= Motor skill consolidation =

Aspect of learning of motor skills

Motor skill consolidation represents the process by which motor skills are transformed from an initial fragile state, in which they are especially prone to being disrupted or lost, to a more solid or permanent state. Any newly formed motor skill, such as learning to play a musical instrument or adjusting one's running stride, is subject to a consolidation period. The time course of this period during which new motor skills are susceptible to disruption appears to be on the order of a few hours.

==Distinctions between procedural and declarative memories==
Motor skills, also known as procedural memories, are distinct from declarative memories, which involve memories of events, people, places, etc. Both types of memories are, however, subject to a consolidation period, though the neural mechanisms appear to differ. Some of the earliest evidence pointing to a distinction between procedural and declarative memories came from the famous neurology patient HM. As a treatment for severe epilepsy, portions of HM's temporal lobes, including both hippocampi, were removed. This left him unable to form new declarative memories (anterograde amnesia), while his ability to learn novel motor tasks remained intact.

==Motor skills and the internal model==
It is believed that motor skill acquisition requires learning a new internal model of limb dynamics. For instance, in order to reach for a cup of coffee, a person must have an implicit understanding of the mass of their own arm, and how specific patterns of muscle activation will change the position of that limb. A common model for studying motor learning and consolidation involves perturbations to reaching tasks using robotic arms to impart forces on the limb during reaches, forcing the subject to learn new internal representations of the limb to take these new external forces into account.

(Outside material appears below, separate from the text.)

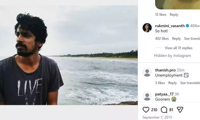 കാന്താര എന്ന ചിത്രത്തോട് കൂടി കേരളത്തിൽ ഒരുപാട് ആരാധകരുള്ള തെന്നിന്ത്യൻ നടിയാണ് രുക്മിണി വസന്ത്. ഇൻസ്റ്റഗ്രാമിൽ 40 ലക്ഷത്തിനടുത്ത് ഫോളോവേഴ്സുള്ള രുക്മിണിയുടെ ഒരു കമന്റാണ് ഇപ്പോൾ സോഷ്യൽ മീഡിയയിൽ ചർച്ചാവിഷയം.നടൻ അർജുൻ രാധാകൃഷ്ണന്റെ ഇൻസ്റ്റഗ്രാം പോസ്റ്റിലായിരുന്നു രുക്മിണിയുടെ കമന്റ്. അതും 2015-ൽ അർജുൻ പങ്കുവെച്ച ഒരു ചിത്രത്തിന് താഴെ 2018-ലാണ് രുക്മിണി കമന്റ് ചെയ്തത്. 'സോ ഹോട്ട്' എന്നാണ് അവർ കുറിച്ചത്. ഇത് ഇപ്പോൾ ആരാധകർ കണ്ടെത്തിയിരിക്കുകയാണ്. അർജുന്റെ 2015-ലെ ഫോട്ടോകൾക്ക് താഴെ രുക്മിണിയുടെ കമന്റ് അന്വേഷിച്ചെത്തുന്നവരും കുറവല്ല.യഷിനെ നായകനാക്കി ഗീതു മോഹൻദാസ് സംവിധാനം ചെയ്ത ടോക്സിക്കിൽ ഒരു പ്രധാന വേഷത്തിൽ രുക്മിണി എത്തുന്നുണ്ട്. പട, ഡിയർ ഫ്രണ്ട്, കേരള ക്രൈം ഫയൽസ്, കണ്ണൂർ സ്ക്വാഡ്, ഉള്ളൊഴുക്ക് എന്നീ ചിത്രങ്ങളിലൂടെ ആരാധകരുടെ ഹൃദയത്തിൽ ഇടം നേടിയ നടനാണ് അർജുൻ.

==Role of sleep in motor memory consolidation==
A number of recent studies have begun to demonstrate the importance of sleep in the process of consolidation of both procedural and declarative memories. For instance, it was recently shown that even a short 90-minute nap after training in a skilled finger task prevented interference two hours after the task when compared to subjects that did not nap. During night sleep, REM sleep and slow-wave sleep both contribute to the motor memory consolidation process through an increase in neuromodulatory activity, and regular field potential oscillations such as sleep spindles (reviewed by Diekelmann and Born, 2010).

==Pathologies and processes affecting motor memory consolidation==
While the precise neural basis for motor skill consolidation is not fully understood, many of the structures necessary for the process have been identified. As the process of learning a motor skill requires both initial execution of the skill, and long storage of the consolidated memory, a complex network of brain areas are involved, including the primary motor cortex, the cerebellum, the prefrontal cortex, and the basal ganglia. Given that motor skill consolidation is a distributed process, the ability to form new procedural memories is susceptible to the effects of a number of processes and pathologies.

===Cerebellar diseases===
The cerebellum, and especially the cerebellar cortex, is critical for coordinating motor outputs during skilled tasks, as well as the process of stabilizing newly formed motor skills. Damage to the cerebellum can occur through a number of causes including trauma, alcoholism, chronic degenerative diseases such as olivopontocerebellar atrophy, and genetic developmental disorders.

===Parkinson's disease===
Parkinson's disease, which affects the basal ganglia, has been shown to cause an impairment in the ability to consolidate new motor skills. For instance, when Parkinsonian patients were tested in force field reaching tasks, they showed significantly less retention of the motor skill than controls during later testing. This points to the importance of the basal ganglia, the primary target of Parkinson's disease, in creating the new sensory/motor mappings that are necessary for the long term retention of a motor skill.

===Stroke===
A stroke is the damage of a volume of brain tissue resulting from restricted blood supply, which is often a result of occluded blood vessels leading to the brain. Given the large number of brain areas involved in the motor skill acquisition, strokes affecting any of these areas can lead to deficits in motor skill consolidation. Therapies for stroke have focused on modified practice techniques to allow the reacquisition of important skills after the damage has occurred.

===Aging===
Aging has been shown to have an effect on declarative memory consolidation, which appears to be related to disruptions of sleep patterns, as well as hippocampal degeneration. However, aging does not appear to have a direct effect on motor skill consolidation, with subjects up to 95 years of age showing the ability to retain newly formed motor skills up to two years after acquisition.